__Problem requirements__.
Below is a listing. Return the lines from the one that contains "L'extracteur à miel" to the one that contains "Nell’ambito del Progetto", both ends included, verbatim and with no pictures.

__Provided data__.

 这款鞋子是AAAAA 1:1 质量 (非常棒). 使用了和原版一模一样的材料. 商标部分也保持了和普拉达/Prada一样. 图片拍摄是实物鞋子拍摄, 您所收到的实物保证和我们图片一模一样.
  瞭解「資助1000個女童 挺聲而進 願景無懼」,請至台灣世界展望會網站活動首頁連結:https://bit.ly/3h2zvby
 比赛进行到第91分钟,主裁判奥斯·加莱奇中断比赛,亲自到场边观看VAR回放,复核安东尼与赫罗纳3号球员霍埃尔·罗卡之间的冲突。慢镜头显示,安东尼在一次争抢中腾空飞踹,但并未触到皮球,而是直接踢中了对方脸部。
==
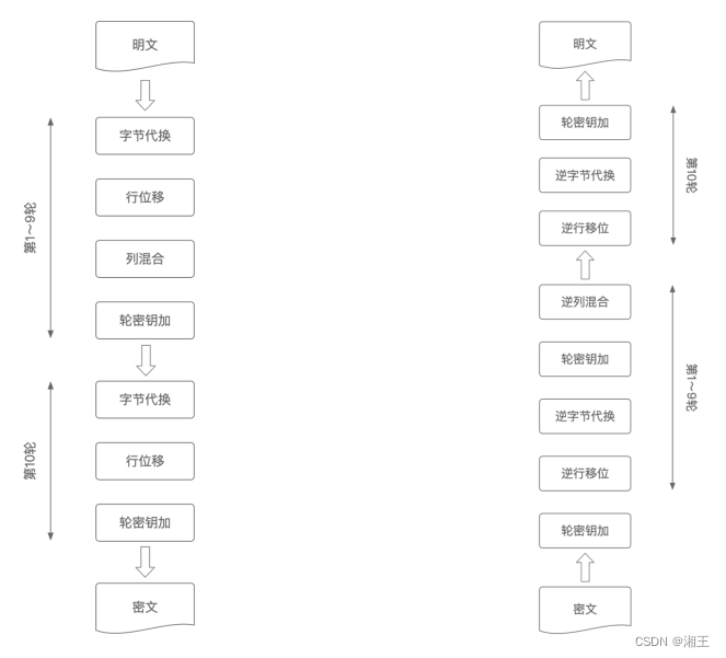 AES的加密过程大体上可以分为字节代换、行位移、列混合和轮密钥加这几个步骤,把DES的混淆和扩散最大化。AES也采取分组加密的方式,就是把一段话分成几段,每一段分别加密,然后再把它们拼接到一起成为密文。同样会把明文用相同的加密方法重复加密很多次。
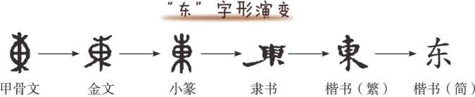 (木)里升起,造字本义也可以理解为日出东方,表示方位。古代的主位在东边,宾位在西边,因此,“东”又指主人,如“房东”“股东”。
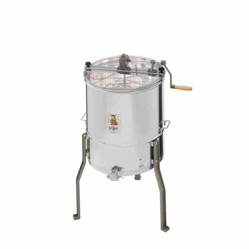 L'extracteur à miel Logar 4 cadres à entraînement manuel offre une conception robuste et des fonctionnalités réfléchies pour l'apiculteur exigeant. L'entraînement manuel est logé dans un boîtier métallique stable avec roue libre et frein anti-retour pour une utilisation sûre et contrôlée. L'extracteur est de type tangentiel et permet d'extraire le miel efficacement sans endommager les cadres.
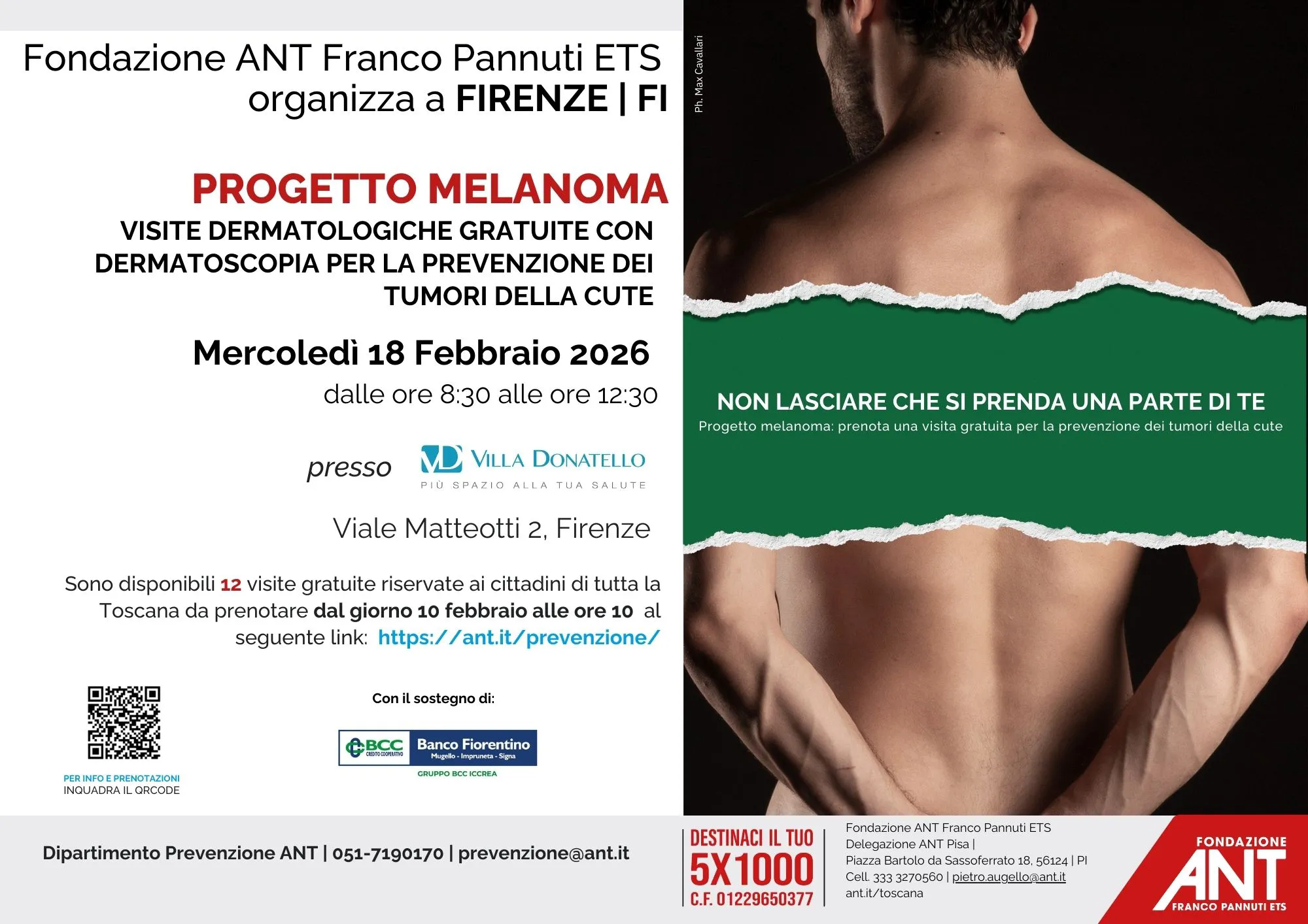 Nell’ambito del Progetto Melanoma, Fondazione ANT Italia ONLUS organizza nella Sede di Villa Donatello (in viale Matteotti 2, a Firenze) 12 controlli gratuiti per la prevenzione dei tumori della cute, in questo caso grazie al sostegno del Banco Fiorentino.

__Result of this task__.
 L'extracteur à miel Logar 4 cadres à entraînement manuel offre une conception robuste et des fonctionnalités réfléchies pour l'apiculteur exigeant. L'entraînement manuel est logé dans un boîtier métallique stable avec roue libre et frein anti-retour pour une utilisation sûre et contrôlée. L'extracteur est de type tangentiel et permet d'extraire le miel efficacement sans endommager les cadres.
 Nell’ambito del Progetto Melanoma, Fondazione ANT Italia ONLUS organizza nella Sede di Villa Donatello (in viale Matteotti 2, a Firenze) 12 controlli gratuiti per la prevenzione dei tumori della cute, in questo caso grazie al sostegno del Banco Fiorentino.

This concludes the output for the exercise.